EXERCISE: Note on the material below: return exactly the lines from the line that holds "귀주교통투자그룹에서 건설한 귀양—평당(平塘)" through the line that holds "โดยการจัดโครงการดังกล่าว ได้รับเกียรติจากนางพัสอร ฤกษ์ธงชัยสกุล", and leave out each picture.

RECORDS SUPPLIED:
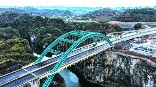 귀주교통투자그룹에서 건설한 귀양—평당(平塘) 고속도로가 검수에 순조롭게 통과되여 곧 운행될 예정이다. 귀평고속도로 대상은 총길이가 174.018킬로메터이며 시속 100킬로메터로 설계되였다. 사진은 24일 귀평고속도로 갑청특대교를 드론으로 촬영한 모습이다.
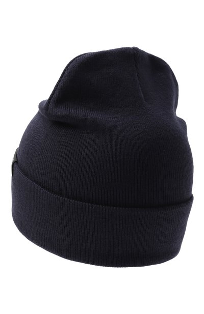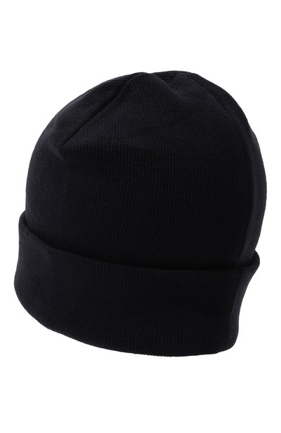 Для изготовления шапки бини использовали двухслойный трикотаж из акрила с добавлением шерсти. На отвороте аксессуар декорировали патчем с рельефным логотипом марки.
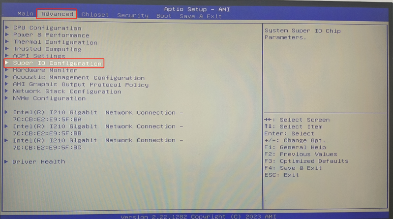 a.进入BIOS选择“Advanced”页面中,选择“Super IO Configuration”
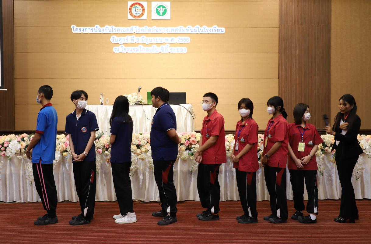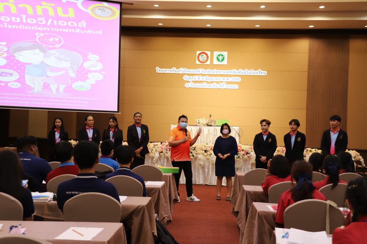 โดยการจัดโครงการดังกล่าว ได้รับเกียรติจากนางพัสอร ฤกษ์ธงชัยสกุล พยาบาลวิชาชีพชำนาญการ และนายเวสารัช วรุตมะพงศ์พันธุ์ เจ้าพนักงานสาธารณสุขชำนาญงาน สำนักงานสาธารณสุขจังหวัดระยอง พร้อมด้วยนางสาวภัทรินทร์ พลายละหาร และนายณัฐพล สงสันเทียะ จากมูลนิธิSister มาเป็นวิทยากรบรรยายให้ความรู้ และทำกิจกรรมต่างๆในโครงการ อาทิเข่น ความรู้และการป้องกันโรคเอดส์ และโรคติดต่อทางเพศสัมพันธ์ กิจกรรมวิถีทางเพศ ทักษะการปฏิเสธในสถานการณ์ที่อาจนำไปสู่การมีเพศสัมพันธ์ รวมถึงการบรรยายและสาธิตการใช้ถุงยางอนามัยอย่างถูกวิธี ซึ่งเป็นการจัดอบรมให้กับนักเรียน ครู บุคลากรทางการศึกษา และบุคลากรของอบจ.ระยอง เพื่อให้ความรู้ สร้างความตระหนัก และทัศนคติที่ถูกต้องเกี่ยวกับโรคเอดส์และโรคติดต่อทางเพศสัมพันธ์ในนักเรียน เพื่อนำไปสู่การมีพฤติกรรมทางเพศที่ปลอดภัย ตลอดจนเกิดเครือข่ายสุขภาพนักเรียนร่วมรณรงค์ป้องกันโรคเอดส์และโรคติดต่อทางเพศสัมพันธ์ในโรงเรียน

==

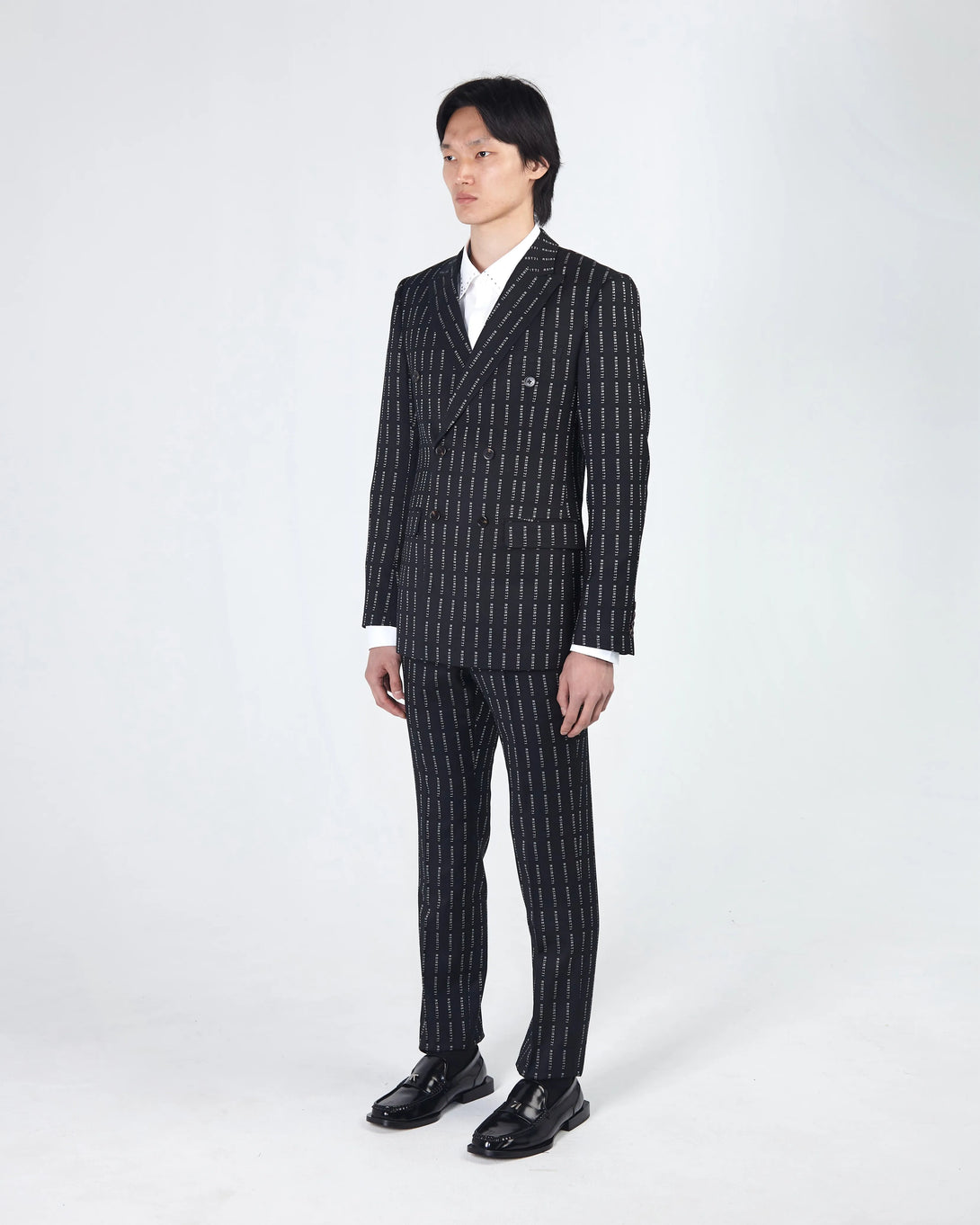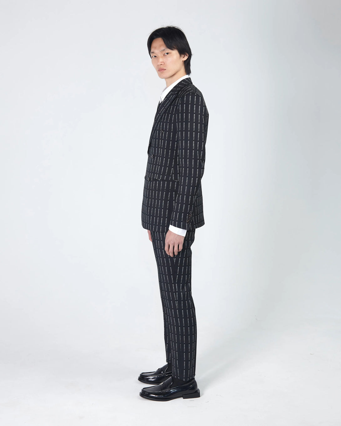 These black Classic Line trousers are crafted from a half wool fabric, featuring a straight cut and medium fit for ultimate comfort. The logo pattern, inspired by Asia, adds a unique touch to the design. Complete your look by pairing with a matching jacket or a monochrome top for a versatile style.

OUTPUT:
 귀주교통투자그룹에서 건설한 귀양—평당(平塘) 고속도로가 검수에 순조롭게 통과되여 곧 운행될 예정이다. 귀평고속도로 대상은 총길이가 174.018킬로메터이며 시속 100킬로메터로 설계되였다. 사진은 24일 귀평고속도로 갑청특대교를 드론으로 촬영한 모습이다.
 Для изготовления шапки бини использовали двухслойный трикотаж из акрила с добавлением шерсти. На отвороте аксессуар декорировали патчем с рельефным логотипом марки.
 a.进入BIOS选择“Advanced”页面中,选择“Super IO Configuration”
 โดยการจัดโครงการดังกล่าว ได้รับเกียรติจากนางพัสอร ฤกษ์ธงชัยสกุล พยาบาลวิชาชีพชำนาญการ และนายเวสารัช วรุตมะพงศ์พันธุ์ เจ้าพนักงานสาธารณสุขชำนาญงาน สำนักงานสาธารณสุขจังหวัดระยอง พร้อมด้วยนางสาวภัทรินทร์ พลายละหาร และนายณัฐพล สงสันเทียะ จากมูลนิธิSister มาเป็นวิทยากรบรรยายให้ความรู้ และทำกิจกรรมต่างๆในโครงการ อาทิเข่น ความรู้และการป้องกันโรคเอดส์ และโรคติดต่อทางเพศสัมพันธ์ กิจกรรมวิถีทางเพศ ทักษะการปฏิเสธในสถานการณ์ที่อาจนำไปสู่การมีเพศสัมพันธ์ รวมถึงการบรรยายและสาธิตการใช้ถุงยางอนามัยอย่างถูกวิธี ซึ่งเป็นการจัดอบรมให้กับนักเรียน ครู บุคลากรทางการศึกษา และบุคลากรของอบจ.ระยอง เพื่อให้ความรู้ สร้างความตระหนัก และทัศนคติที่ถูกต้องเกี่ยวกับโรคเอดส์และโรคติดต่อทางเพศสัมพันธ์ในนักเรียน เพื่อนำไปสู่การมีพฤติกรรมทางเพศที่ปลอดภัย ตลอดจนเกิดเครือข่ายสุขภาพนักเรียนร่วมรณรงค์ป้องกันโรคเอดส์และโรคติดต่อทางเพศสัมพันธ์ในโรงเรียน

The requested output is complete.